Con il passare del tempo la situazione per le donne sembra essere migliorata, seppur lievemente, visto che nel settore pubblico il valore dell’indice Glih è passato da 0,19 nel 2020 a 0,20 nel 2021. Tuttavia da gioire c’è ben poco perché questa flessione positiva quasi impercettibile non migliora lo scenario nel suo complesso e le donne in posizioni di leadership rimangono sottorappresentate.

Per dirlo in modo ancora più chiaro, un giovane o una giovane che entra, oggi, nel settore pubblico incontra 7 dirigenti uomini ogni 100 impiegati e meno di 2 donne e se il trend di miglioramento manterrà questo ritmo si arriverà all’equi-rappresentanza solo tra 150 anni.

Dati che confermano ancora una volta l’esistenza del famoso glass ceiling, ovvero del soffitto di cristallo che esprimendosi attraverso varie dinamiche impedisce alle donne di raggiungere posizioni di vertice, anche quando la loro presenza in di un settore lavorativo è cospicua, come in quello sanitario.

A livello globale, infatti, secondo un report del Women in Global Health, le donne rappresentano il 90% degli operatori sanitari in prima linea e il 70% della forza lavoro sanitaria globale complessiva

All’interno della sanità pubblica italiana le donne occupate con vari ruoli sono notevolmente aumentate negli ultimi anni, passando dal 59% del 2001 al 69% del 2021.

Inoltre, secondo la Federazione nazionale degli Ordini dei Medici chirurghi e degli Odontoiatri, al 16 gennaio 2024 tra i 325.114 medici con meno di 70 anni iscritti agli albi, e quindi quasi sicuramente in attività, le donne sono 171.645, il 53% del totale, rispetto al 52% dello scorso anni.

A ciò non corrisponde però una parità salariale visto che tutti gli indicatori degli ultimi anni parlano di un gap tra uomini e donne occupati nella sanità a pari mansioni di almeno il 25%.

E men che meno, come testimonia l’osservatorio, a una maggiore rappresentanza femminile nei ruoli apicali.

Nel 2020 negli ospedali era donna il 25% dei direttori di struttura semplice e solo il 19% di quella complessa.
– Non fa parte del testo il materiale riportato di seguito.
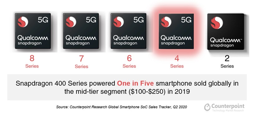 此外,记者注意到,9月初高通正式对外公布5G芯片的最新进展,计划在2021年初将5G移动平台产品组合扩展至高通骁龙4系平台。从过往产品的发布规律看,高通骁龙400主要定位中端入门级,这意味着高通正在快速推动5G手机价格的进一步下探。
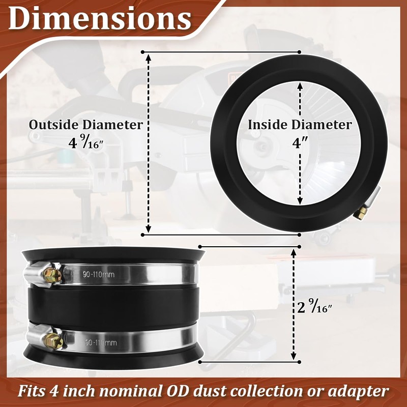 - Flex Cuff Function: Provide perfect airtightness between two 4 inch OD ports, including dust collection equipment ports, pipes or fittings.

La situazione migliora leggermente se si sposta lo sguardo al comparto farmaceutico. Lì nel 2011 il 41,8% degli occupati erano donne, nel 2021 il 43,9% e includendo sia quadri che dirigenti l’indice Glih è salito da 0,50 nel 2020 a 0,51 nel 2021, mostrando una leggera predominanza di leader donne. La maggior parte siede però nei quadri, mentre a livello dirigenziale la sotto rappresentanza è ancora la costante, anche se il Glih, pari a 0,41 nel 2021, sta convergendo rapidamente negli anni verso l’equa rappresentanza e potrebbe raggiungerla nei prossimi 5.

Leadership per lo più maschile anche nelle aziende dei dispositivi medici, dove nel 2021, aveva ruoli dirigenziali il 18% degli uomini contro l’8% delle donne. Anche in questo caso qualcosa, seppur pianissimo, sembra però muoversi, con un indice Glih passato a 0,30, rispetto allo 0,29 nel 2020.

«Le donne ai vertici della sanità continuano a essere fortemente sottodimensionate, soprattutto nel pubblico, benché il trend di distribuzione delle posizioni apicali negli ultimi anni riveli un lento e costante recupero del genere femminile» ha commentato Marina D’Artibale, condirettrice dell’Osservatorio e socia fondatrice dell’associazione Donne leader in sanità, sottolineando la necessità immediata di accelerare il processo verso un’equa rappresentazione. Un’urgenza condivisa anche dalla condirettrice e Head of MBA programs Luiss Business School, Maria Isabella Leone, che sottolinea come «con il nostro Osservatorio teniamo alta l’attenzione sulla lenta progressione verso l’equi rappresentanza nella leadership in ambito sanità».

Una lente che deve essere sempre a fuoco.